When you copy the material below, keep every line exact and leave each picture out.

> [GIVEN INFORMATION]:
● ● ● ●
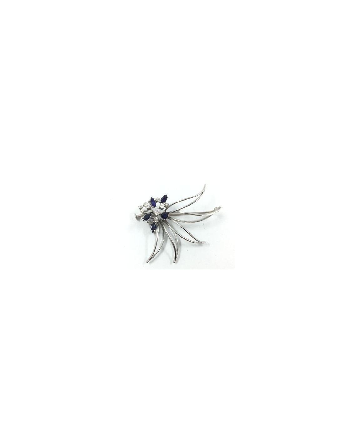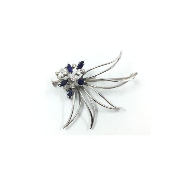 Broche en oro blanco, brillantes y esmeralda.
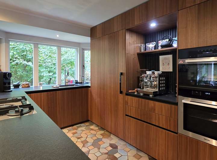 Der weitläufige Wohnbereich mit offenem Kamin lädt zu stilvollen Abenden in exklusivem Ambiente ein. Er hat eine gut durchdachte Verbindung zu Essbereich und Küche – ein Raum zum gemeinsamen Leben. Die hochwertige Einbauküche mit modernster Technik ist wie geschaffen für Genuss und Geselligkeit.
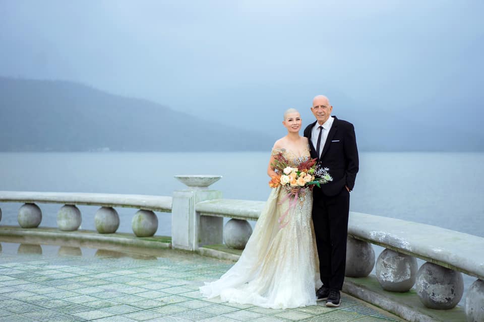 Chia sẻ với chúng tôi, cô dâu Lê Mai Dạ Thảo (36 tuổi) cho biết đây là bức ảnh cưới mà chị và chồng Robert John Davis (72 tuổi) chụp để làm kỷ niệm. Chị cho biết, chồng chị quốc tịch Mỹ và hiện tại hai vợ chồng đang sống tại Nha Trang. Vì đặc biệt yêu thích môi trường ở Việt Nam nên khi về hưu anh đã lựa chọn nơi đây là nơi sinh sống. Mối cơ duyên của anh chị bắt nguồn từ những cuộc trò chuyện trên một app mạng xã hội.
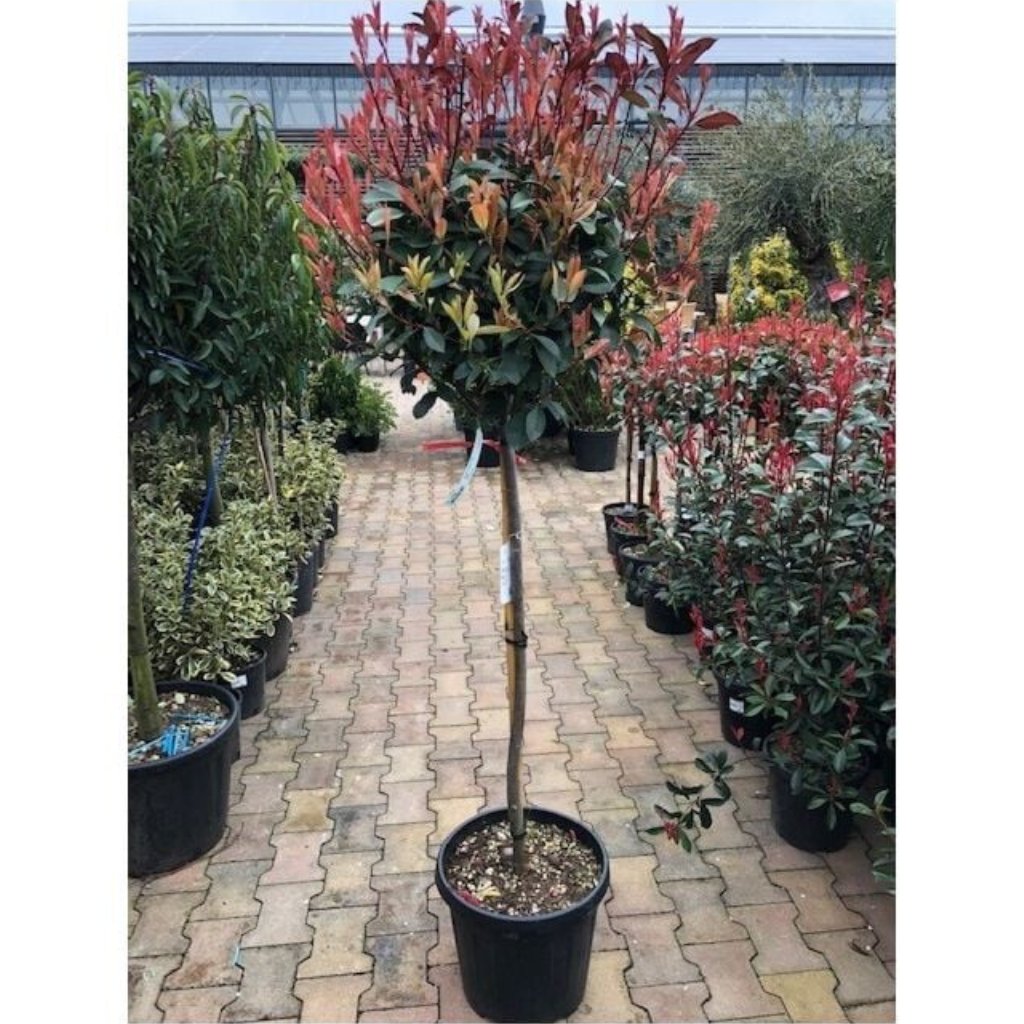 Photinia ‘Red Robin’ vo forme 1/2 kmienka je elegantný solitér, ktorý dodá vonkajšiemu priestoru štýl, farbu a architektonickú líniu.
● ● ● ●
> [RESULT OF THE EXERCISE]:
 Broche en oro blanco, brillantes y esmeralda.
 Der weitläufige Wohnbereich mit offenem Kamin lädt zu stilvollen Abenden in exklusivem Ambiente ein. Er hat eine gut durchdachte Verbindung zu Essbereich und Küche – ein Raum zum gemeinsamen Leben. Die hochwertige Einbauküche mit modernster Technik ist wie geschaffen für Genuss und Geselligkeit.
 Chia sẻ với chúng tôi, cô dâu Lê Mai Dạ Thảo (36 tuổi) cho biết đây là bức ảnh cưới mà chị và chồng Robert John Davis (72 tuổi) chụp để làm kỷ niệm. Chị cho biết, chồng chị quốc tịch Mỹ và hiện tại hai vợ chồng đang sống tại Nha Trang. Vì đặc biệt yêu thích môi trường ở Việt Nam nên khi về hưu anh đã lựa chọn nơi đây là nơi sinh sống. Mối cơ duyên của anh chị bắt nguồn từ những cuộc trò chuyện trên một app mạng xã hội.
 Photinia ‘Red Robin’ vo forme 1/2 kmienka je elegantný solitér, ktorý dodá vonkajšiemu priestoru štýl, farbu a architektonickú líniu.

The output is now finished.